Açıklanan önlemlerin, 2020 yılından beri Covid-19 salgınının daraltıcı etkileri ve Ukrayna krizi ile ortaya çıkan korkunç fiyat artışları ile mücadele etmekte olan Kıbrıs Türk ekonomisinin canlandırılması ve salgın öncesindeki durumuna dönmesi bakımından yetersiz kalacağı da aşikardır. Ekonominin çarklarının sağlıklı bir şekilde dönebilmesi için, Sayın Başbakan’ın ifade ettiği gibi “mini” değil, yapısal dönüşümler de içeren kapsayıcı bir pakete ve bütünlüklü uygulamalara ihtiyaç vardır.

Böyle bir kapsayıcı paket en azından aşağıdaki önlemleri içermelidir:

Kamuda tasarruf ve çalışma saatleri: Kamu giderlerinde tasarruf sağlanması ve israf sayılabilecek harcamalardan kaçınılması KKTC devletinin yükümlülüklerini daha kolaylıkla yerine getirmesini ve güvenilir bir ekonomik aktör durumuna gelerek piyasada olumlu roller üstlenmesini sağlayacaktır. Kamuda tasarruf sağlanırken, kamu çalışma saatlerinin özel sektör çalışma saatleri ile uyumlu halde getirilmesi, çalışma disiplini ve verimliliği artıracak kamunun özel sektör üzerinde oluşturduğu yükleri ve baskıları da azaltacaktır.

Enflasyon muhasebesi: Enflasyonun %100’ü aşacağının kesinleştiği bir ortamda faaliyet gösteren işletmelerin korunabilmesi bakımından enflasyon muhasebesinin devreye konulması, işletmelerin yoluna devam edebilmesi ve istihdamın devam etmesi bakımından bir zorunluluk olmaya devam etmektedir.

Pahalılığa karşı mücadele: İthalatta alınan fonların kaldırılması ve gümrük vergilerinin FOB bedeller üzerinden yapılarak zaten pahalı olan taşımacılığın vergilendirilmesinden vazgeçilmesi piyasamızın ucuzlatılması için önemli bir katkı sağlayacaktır. İthalatta alınan KDV’nin peşin alınmak yerine üç ay sonra tahsil edilmesi de piyasa faaliyetlerinin güçlenmesine yardımcı olabilecektir.
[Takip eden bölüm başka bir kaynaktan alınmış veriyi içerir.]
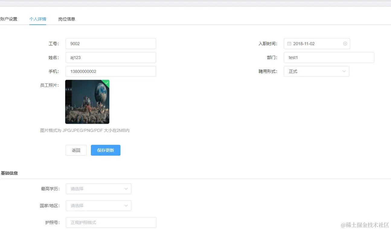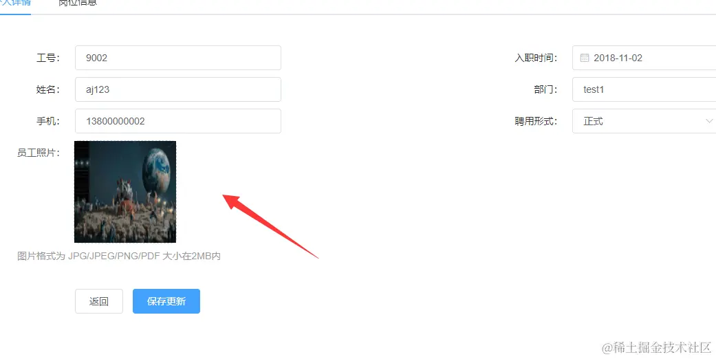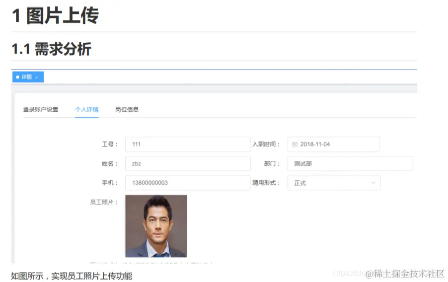 如图所示,实现员工照片上传功能

Kiraların düzenlenmesi: Ekonomi Destek Paketi, Vakıflar İdaresi’ne ait taşınmazların kira sözleşmelerinin Türk Lirası ile yapılacağını hükme bağlamasına karşın başta Devlet Emlak ve Malzeme Dairesi olmak üzere diğer kamu kurum ve kuruluşlarına ait taşınmaz malların kira sözleşmelerinin yabancı para ile yapılmasını engellememiştir. Bütün kamusal taşınmazların kira sözleşmelerinin TL ile yapılması kaçınılmaz bir gerekliliktir. Bu arada, kira sözleşmelerinin Türk Lirası ile yapılmasını teşvik etmek amacıyla döviz cinsinden ve Türk Lirası cinsinden kira sözleşmelerinde alınan vergi stopaj oranları, aralarındaki fark %10 olacak şekilde (döviz cinsinden kira sözleşmelerinde kira stopajının %13’den %15’e çıkarılması ve Türk Lirası ile yapılan sözleşmelerde kira stopajının %8’den %5’e düşürülmesi) düzenlenmelidir.

Yatırım indirimi: İşletmelerin yeni yatırımlarının vergilendirilmesi ile ilgili esaslar, yakın geçmişte yapılan düzenlemeler ile yatırımı teşvik edici değil, caydırıcı bir duruma getirilmişti. Ekonominin canlandırılması için yatırım gereklidir. Yatırım yoksa, ekonomik canlanma da olmayacaktır. Yatırım indiriminin ilk aşamada eski şekline dönüştürülmesi gerekmektedir.

Vergi düzenlemeleri: Yüksek enflasyon ve Türk Lirası’nın satın alma gücündeki meydana gelen kayıplar, yeni vergi düzenlemelerini zorunlu kılmaktadır. Gelirlerini enflasyon oranında artırmayı başaran kişi ve işletmeler bile haksız vergi yükümlülükleri ile karşı karşıya kalmakta ve alım güçlerinin düşmesini önleyememektedirler. KDV oranları, vergi muafiyet ve matrahlarında yapılacak düzenlemeler ile alım gücü kayıplarının önüne geçilmesi gerekmektedir.

Bu önlemleri de içerecek kapsamlı bir ekonomik paket hazırlanmaması halinde ekonomik daralmanın devam edeceği, hane halkının geçim zorluklarının giderek artacağı ve işletmelerimizin istihdamı koruyarak çalışmaya devam edemeyeceği açıktır. Kıbrıs Türk Ticaret Odası, hükümetimizi ve tüm ilgilileri “mini” paketler üzerinde çalışmak yerine yapısal dönüşümleri de içerecek kapsamlı bir yenilenme üzerinde çalışmaya çağırmaktadır.